Что случилось с моим другом? Неужели он ничего не понимает?

Холмс раскурил трубку, затянулся и выдохнул дым, заполнивший всю гостиную на Бейкер-стрит.

— В последнее время, Ватсон, вы склонны излишне драматизировать обычные житейские проблемы. Можно сделать скидку на то, что вы теперь женатый человек, однако мои наблюдения меня совсем не радуют.

— Это не обычные проблемы, — перебил его я. — Наследник престола стал жертвой шантажа. И Хауэлл — единственный, кто мог привести нас к организатору преступления. Теперь шантажист мертв и след оборвался. Как отыскать его? Вероятнее всего, мы никогда не узнаем, где хранятся документы, компрометирующие принца Георга и его брата.

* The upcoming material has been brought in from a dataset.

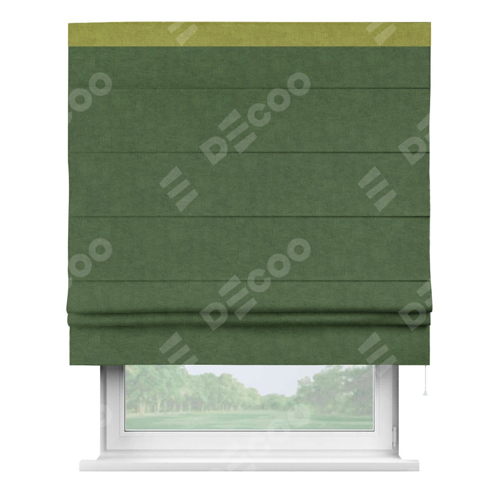Римская штора производителя «Cortin», используется для проёма, пошита из ткани канвас зелёный, артикул ткани v-16. Отделка шторы кантом «Кинг» (зелёное яблоко v-370), ткань для канта используется из канваса разной расцветки на выбор. Имеет универсальный механизм и подходит для монтажа: на потолок, на стену и в нишу.

Холмс с искренним удивлением посмотрел на меня, очевидно, он не предполагал, что я способен быть таким пессимистом.

— Мой дорогой друг, я знал это с того самого дня, как встретился с Хауэллом возле озера Серпентайн. По моим сведениям, бумаги до сих пор лежат там, где и были.

— Вы не можете быть уверены в этом.

— Они находятся в хранилище «Уолкерс-банка» на Корнхилл, дом шестьдесят три. Я был занят другими неотложными делами, но теперь я с ними разобрался. Семейная жизнь несколько притупила в вас инстинкт сыщика. Неужели вы подумали, что я отправлюсь на встречу с Хауэллом, не подготовившись? Вы действительно решили, что я не могу справиться с этим мелким мошенником?

— Ваши слова ничего не объясняют, — угрюмо возразил я.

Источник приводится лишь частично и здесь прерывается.